With a record of 29 wins, two losses, and one draw, Barrios, who stands six feet flat, also enjoys a six-inch height edge over the Pinoy boxing star, plus a significant 10-centimeter reach advantage – or nearly four inches – that he could use to keep his celebrated opponent at bay.
Sporting a record of 62 wins (39 KOs), eight losses and two draws, Pacman obviously has the better experience and the website said “stats suggest Pacquiao has a slight advantage in power over Barrios, with a 63 percent knockout percentage compared to Barrios’ 62 percent.”
In their latest press conference in Los Angeles last Tuesday (Wednesday in Manila), the returning Filipino fighter said he missed being out of the pro boxing spotlight, with all the glamour and hoopla that comes with appearing in a title fight.
“I returned because I miss boxing,” Pacquiao told the emcee of the press briefing attended also by Barrios in an article written by veteran boxing scribe Jake Donovan on the boxingscene.com website.
“Especially this situation, being interviewed, press conferences, the training camp, everything like that. I miss that,” he acknowledged.
“I rested my body for four years. I’ve been in boxing for 30 years, so it was good to rest my body.
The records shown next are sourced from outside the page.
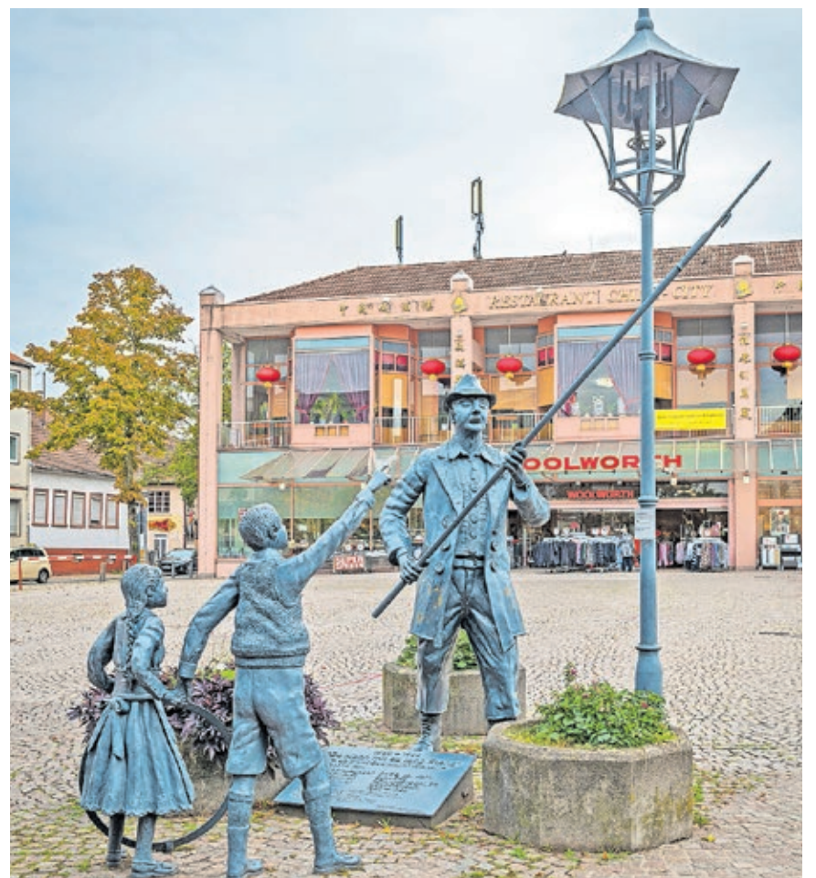
„De Monn mit da long Stong“ ist ein Wahrzeichen des Stadtteils Dudweiler, in dem eine der Führungen angeboten wird.
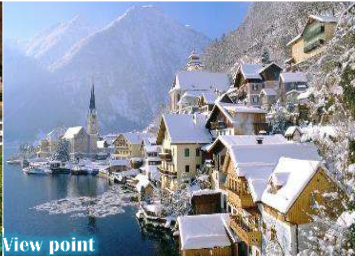
Hallstatt View point
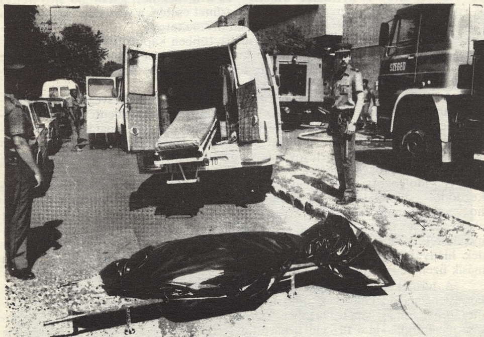
A mentők már nem segíthettek...
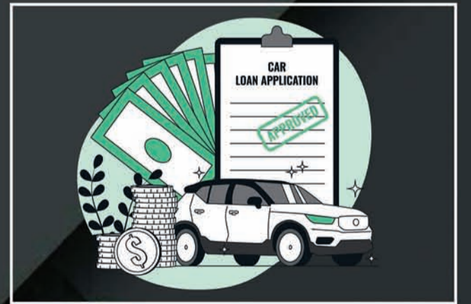
Loan & Insurance
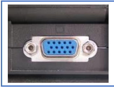
Bild 1. VGA-ingång
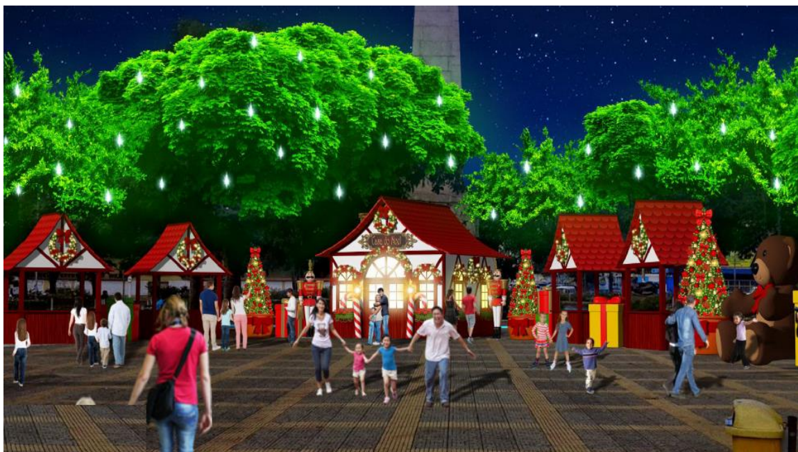
*Imagem Praça Brasil Decorada.

Imagem meramente ilustrativa, não representando na integralidade o projeto Natal do Bem.
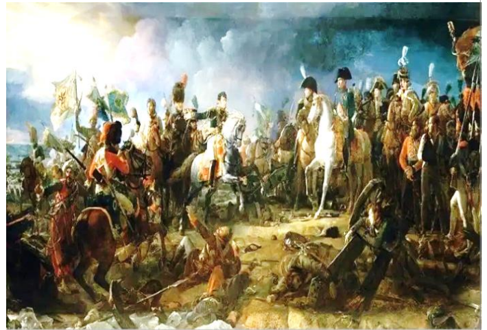
נפוליאון בקרב אוסטרליץ, ציור מאת גוסטב דאנדר

ניגש הנסיך אל האיכר ותמה באזניו: לי ארבעה סוסים אבירים ומיוחסים, ולך שלשה סוסים צנומים ודקים. ובכל זאת דוקא אלו שלך נחלצו ברגע אחד מן הבוץ, ואילו שלי כבר שעות מתבוססים בבוץ ואיננו יודעים כיצד נחלץ מצרה זו.
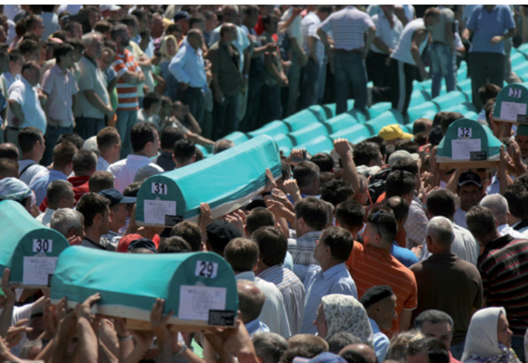
Homenatge als morts abans de ser enterrats. Srebrenica, 2008-2009.

Homenaje a los muertos antes de ser enterrados. Srebrenica, 2008-2009.
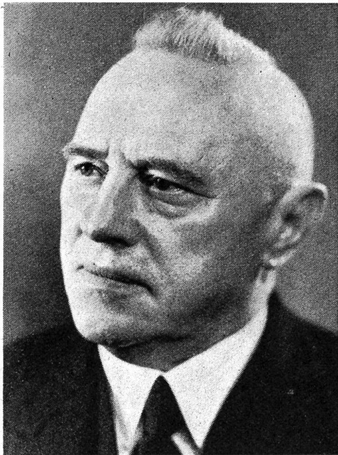
Alt Bundesrat Dr. h. c. Rudolf Minger, Schüpfen
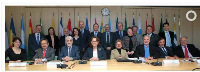
Els participants a les jornades constitutives del Siaces a Madrid.
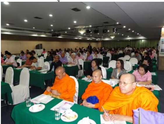
บุคลากร จากหน่วยงานระดับจังหวัด องค์กรปกครองส่วนท้องถิ่น ทั้งระดับเทศบาลและ อบต. องค์กรภาคเอกชนเข้าร่วมประชุม ฯ
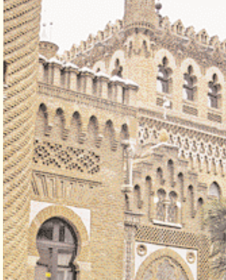
Hotel Laredo en Alcalá de Henares.
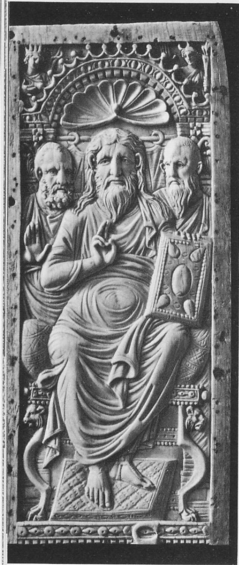
Díptico. Cristo entre Pedro y Pablo. Museo Nacional de Berlín.

Now I’m back, I’m excited to give the fans a good fight,” he added.
The report noted that the fight date “fittingly, comes six years – almost to the day – and at the same venue from where Pacquiao registered his last win to an already historic career.
“A July (20) 2019 split decision win over then-unbeaten Keith Thurman at MGM Grand saw a then 40-year-old Pacquiao claim the World Boxing Association super welterweight title.”
Set to be inducted into the International Boxing Hall of Fame this weekend in Canastota, New York, he could “become by far the oldest welterweight to win a title but the only elected Hall of Fame to do so.
“No fighter who was either already in the Hall (see Alexis Arguello) or elected and awaiting enshrinement (Sugar Ray Leonard) enjoyed anything close to a successful comeback.”
But the challenger admitted that fighting the reigning champ was no cakewalk, saying: “I know that Barrios trains hard, he has to defend his belt and I am his challenger.
“I have to go the extra mile to punish myself in order to win his fight.”